• Task brief: Every line from the one with "WQ-56 W1502xD325xH603 mm" up to and including the one with "皇臺酒業(yè)國有董事劉興" is to be output exactly as it appears below; pictures are not.

• Information shown:
+ + + +

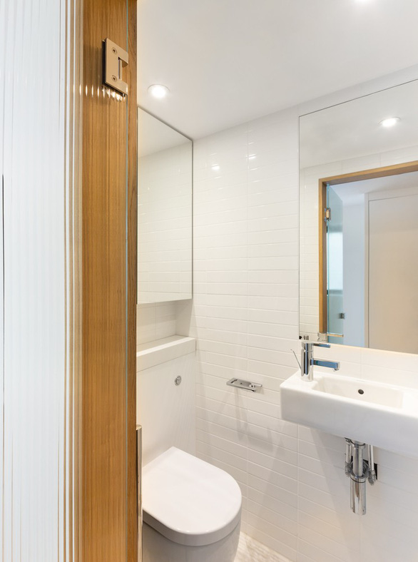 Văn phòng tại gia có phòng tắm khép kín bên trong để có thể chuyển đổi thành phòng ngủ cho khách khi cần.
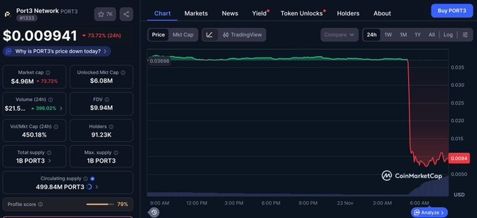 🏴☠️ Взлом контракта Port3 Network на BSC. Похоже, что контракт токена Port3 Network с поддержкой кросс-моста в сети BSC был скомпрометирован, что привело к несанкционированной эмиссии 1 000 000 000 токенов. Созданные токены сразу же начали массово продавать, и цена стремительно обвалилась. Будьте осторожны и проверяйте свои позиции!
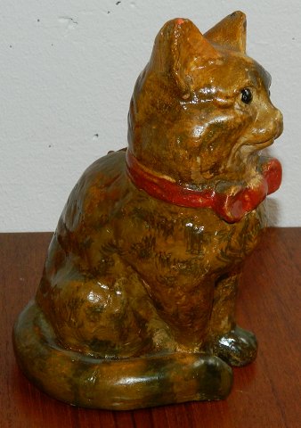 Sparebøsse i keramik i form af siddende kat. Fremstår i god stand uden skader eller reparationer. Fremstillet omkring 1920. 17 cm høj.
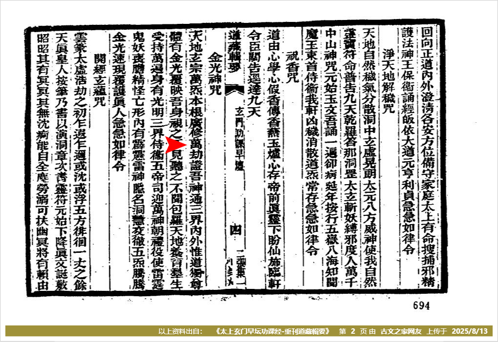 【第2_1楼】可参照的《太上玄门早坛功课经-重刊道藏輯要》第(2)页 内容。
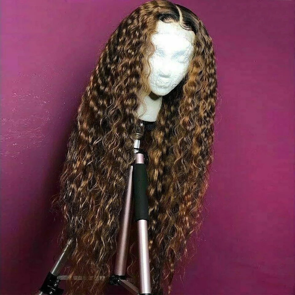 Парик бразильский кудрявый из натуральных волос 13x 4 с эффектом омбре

+ + + +

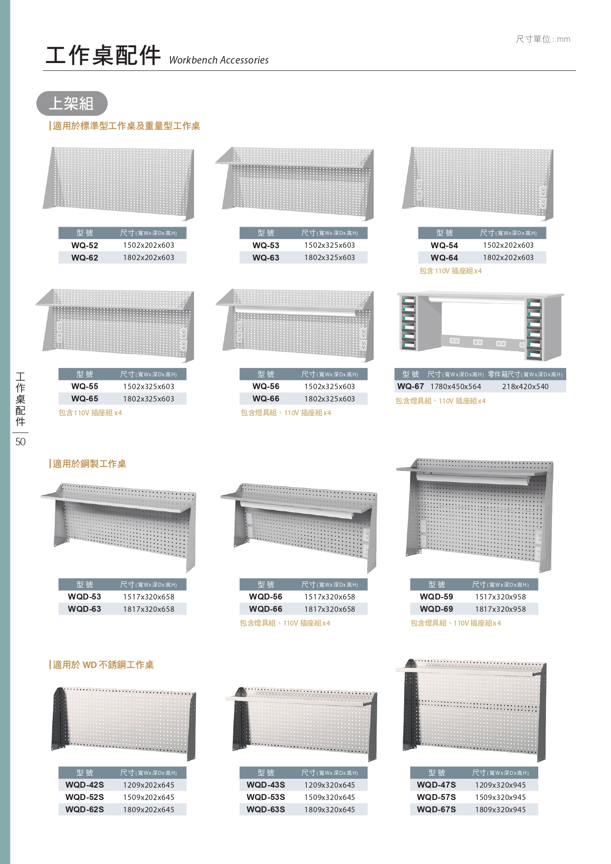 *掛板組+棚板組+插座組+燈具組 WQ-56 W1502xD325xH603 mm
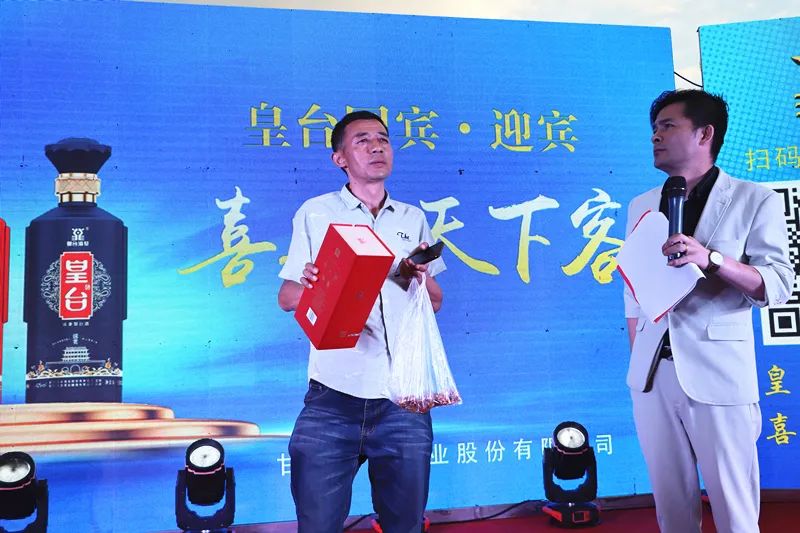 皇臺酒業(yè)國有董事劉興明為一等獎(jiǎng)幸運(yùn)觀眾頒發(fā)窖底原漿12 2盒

+ + + +

• Answer for the task:
 *掛板組+棚板組+插座組+燈具組 WQ-56 W1502xD325xH603 mm
 皇臺酒業(yè)國有董事劉興明為一等獎(jiǎng)幸運(yùn)觀眾頒發(fā)窖底原漿12 2盒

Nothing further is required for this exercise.